Pour se mettre en conformité avec les règles françaises en matière de concentration, qui ne permettent pas à un groupe audiovisuel français de détenir plus de sept fréquences, TF1 et M6 avaient déjà indiqué qu’ils céderaient les chaînes TFX et 6ter au groupe Altice (propriétaire de BFM TV notamment) et libéreront la fréquence TNT de Paris Première.
Mais c’est plutôt sur le marché de la publicité que cela pourrait coincer, à en croire les conclusions rapportées du rapport, qui n’est pas public.
Le nouveau géant audiovisuel pourrait capter plus de 70 % du marché publicitaire de la télévision française.
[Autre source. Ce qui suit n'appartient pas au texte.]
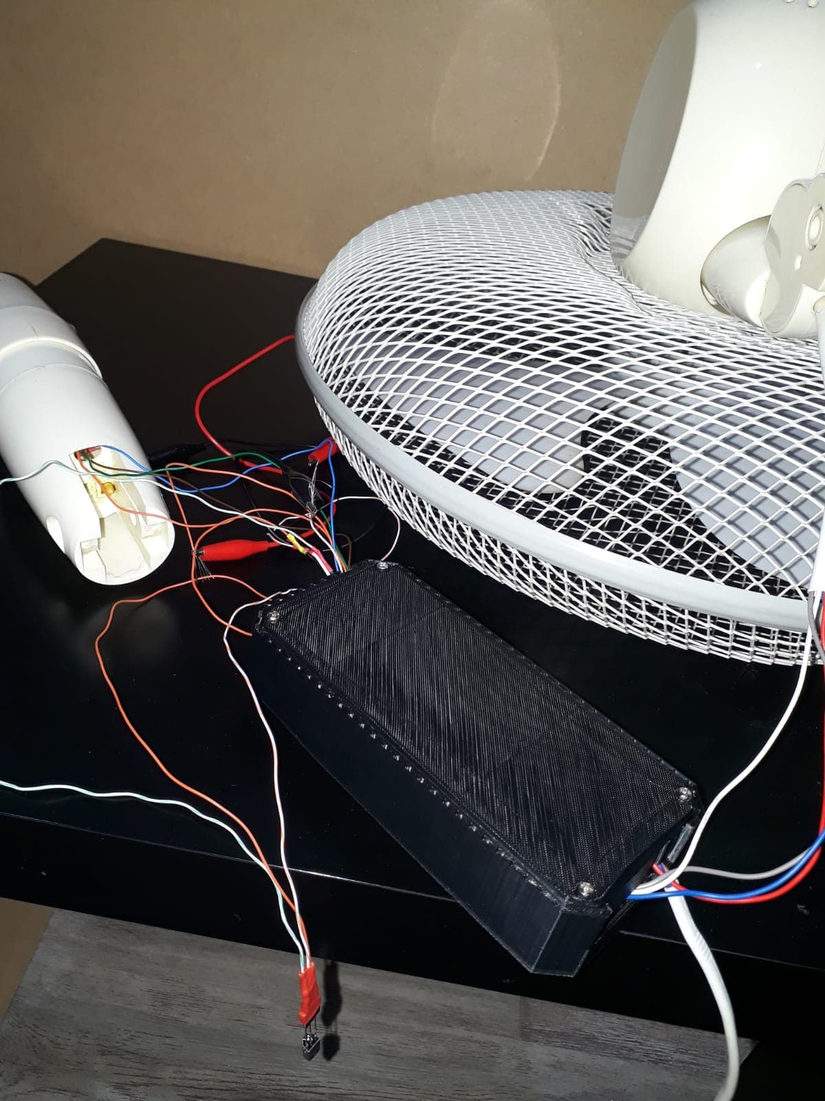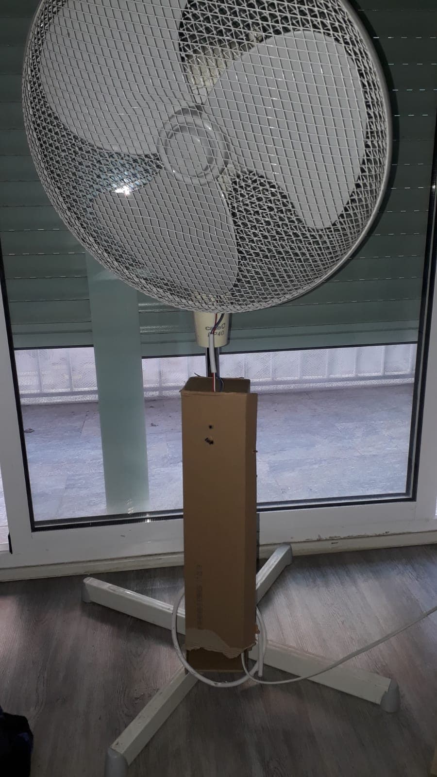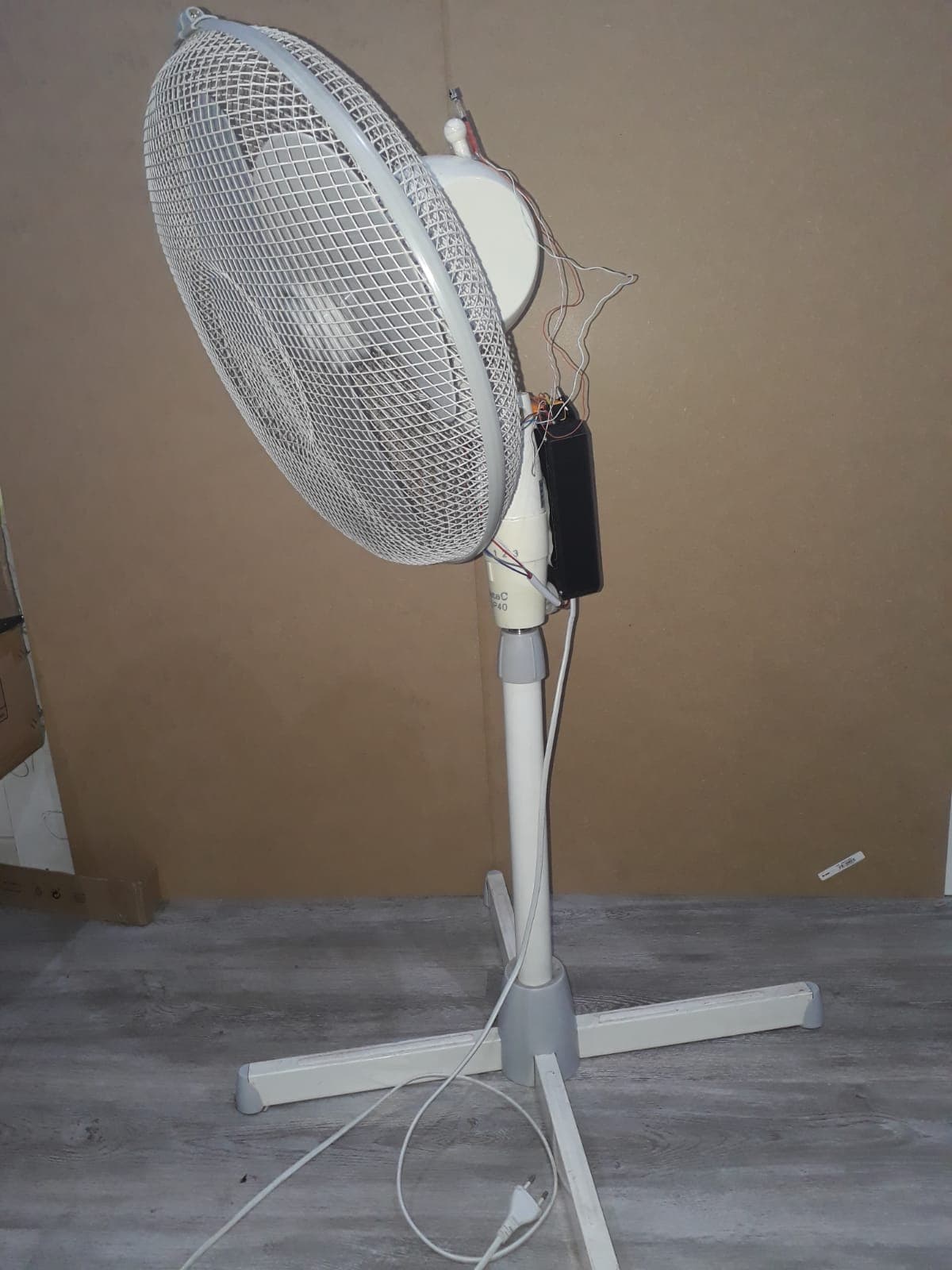 Right now the microcontroller needs a 9v battery to work, I have planned to add an AC-DC converter, I have already one, but I prefer to use in the second version of my fan.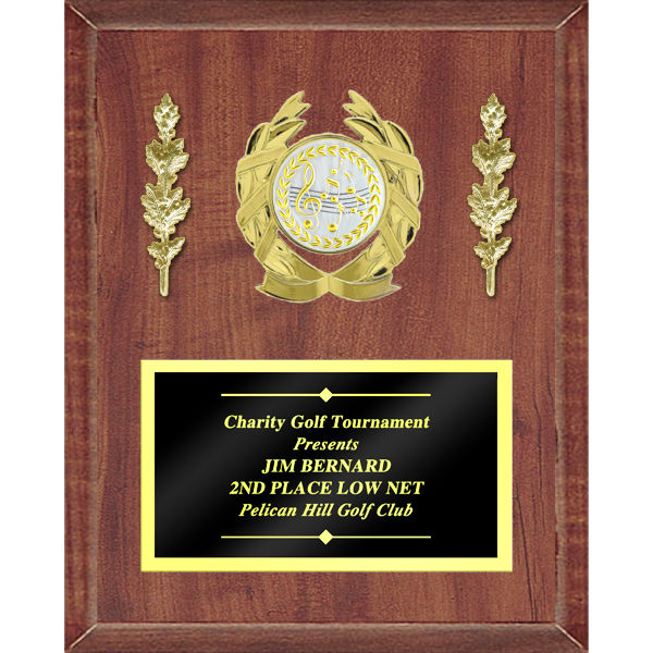 This 8" x 10" plaque features a great veneer finish with a wreath of your choosing and activity insert with trims.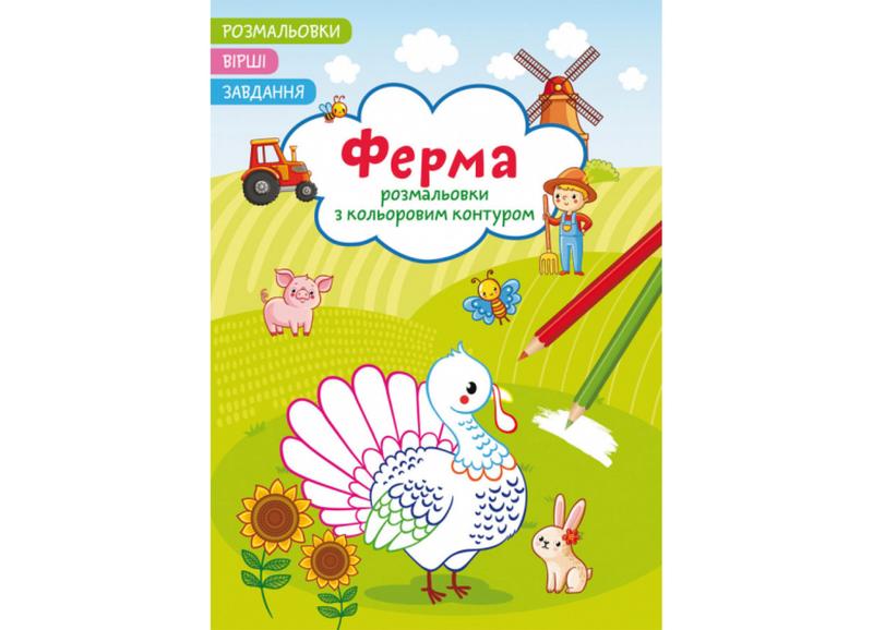 Розмальовки з кольоровим контуром. ферма. вірші, завдання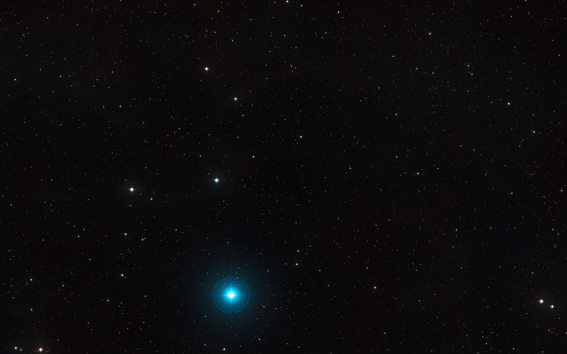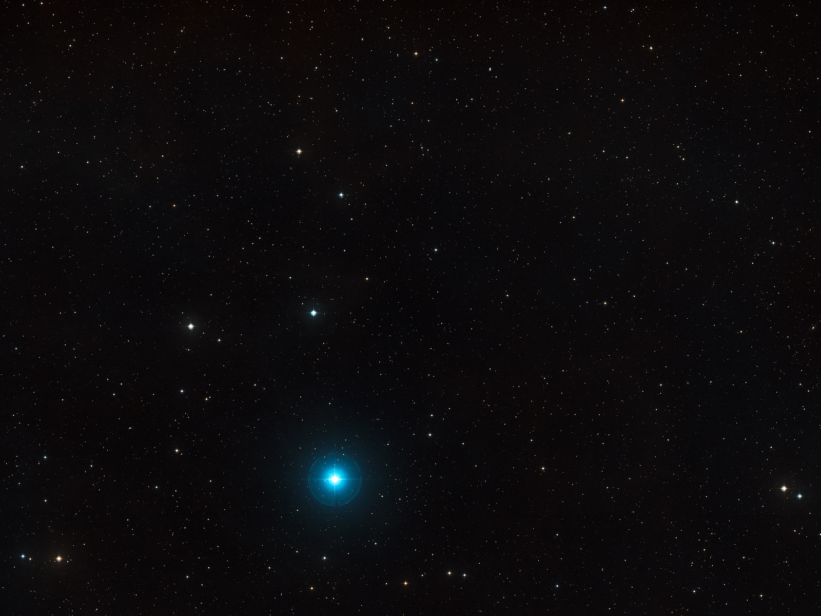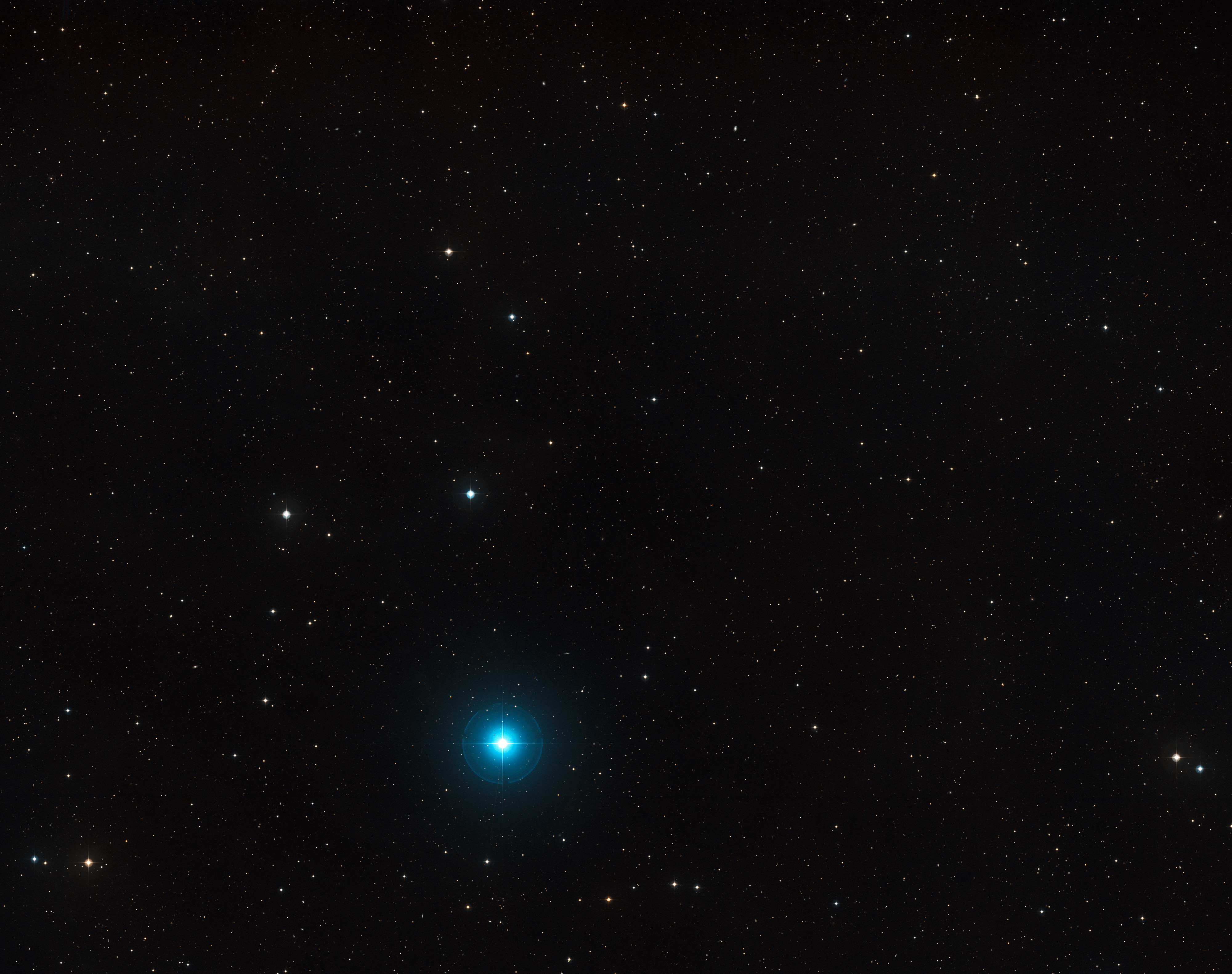 This visible-light wide-field image of the region around ULAS J1120+0641, the most distant quasar found so far, was created from photographs taken through red and blue filters and forming part of the Digitized Sky Survey 2. The object itself lies very close to the centre and is not visible in this picture, but many other, much closer, galaxies are seen in this wide-field view that spans about three degrees of sky.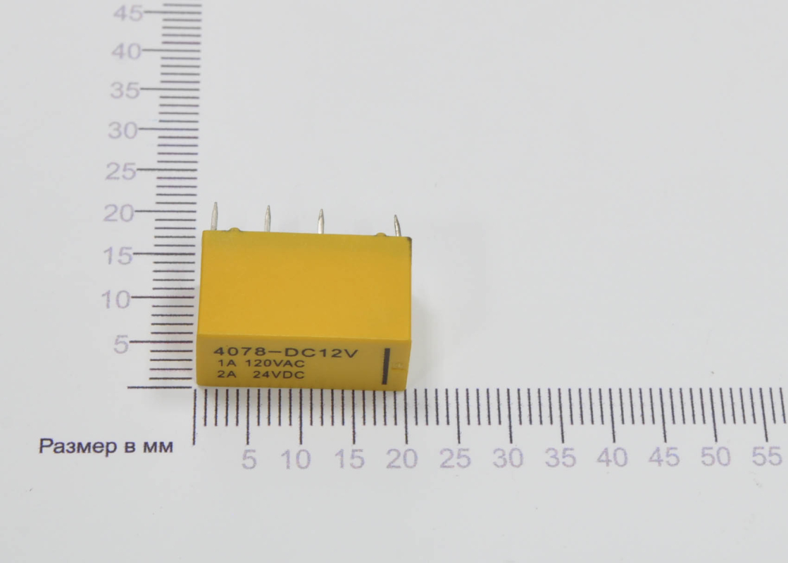 - Реле HLS-4078 Катушка 12V, две группы, 2А 20х12,2х9,9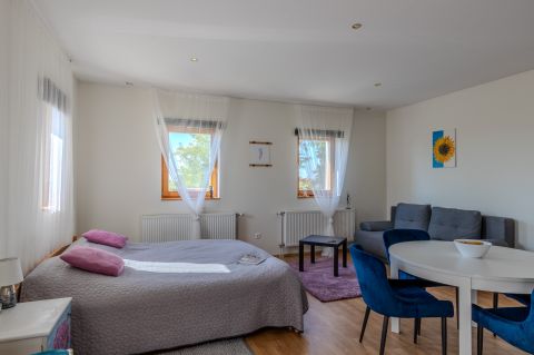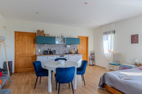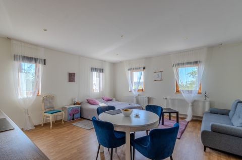 Ez a tarcali borház egy közel 300 nm-es lankás telken helyezkedik el, háromszintes, és két különálló, teljesen berendezett apartmant kínál. A felső szinten két fő kényelmes elhelyezésére van lehetőség, míg az alsó szinten akár négy fő is otthonosan elfér. Mindkét apartmanhoz fürdőszoba, valamint külön bejárat tartozik, a két szint külön lépcsőházon keresztül közelíthető meg. Az ingatlanban összesen három fürdőszoba és WC található.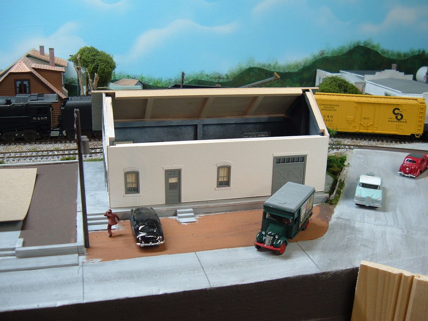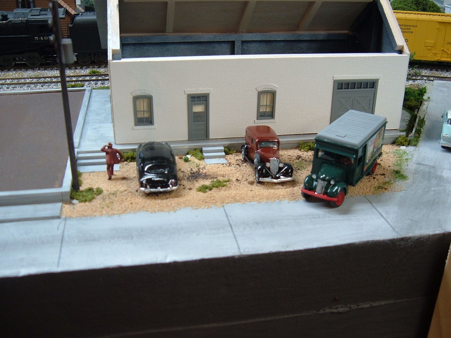 While I am waiting for the rest of the shingles to come in to finish the roof I have been working on the site. Added a few vehicles, power pole with transformers and a little guy that's running late. Working on one more car for the lot and then put down the gravel. I also have 9 more little people to paint.

C’est donc une bataille qui se joue à présent sur le « marché pertinent » que l’AdlC devra évaluer la future position, trop dominante ou non, du futur groupe et prendre sa décision, attendue en octobre.
TF1 et M6 défendent que le marché publicitaire à prendre en compte n’est pas celui de la publicité télévisée traditionnelle, mais doit inclure également la publicité en ligne, ce qui permettrait d’écarter une situation quasi monopolistique.
Au lendemain de ces communiqués, le cours des actions de TF1 et M6 a baissé (environ -4 % pour le premier et -7 % pour le second à 10 h).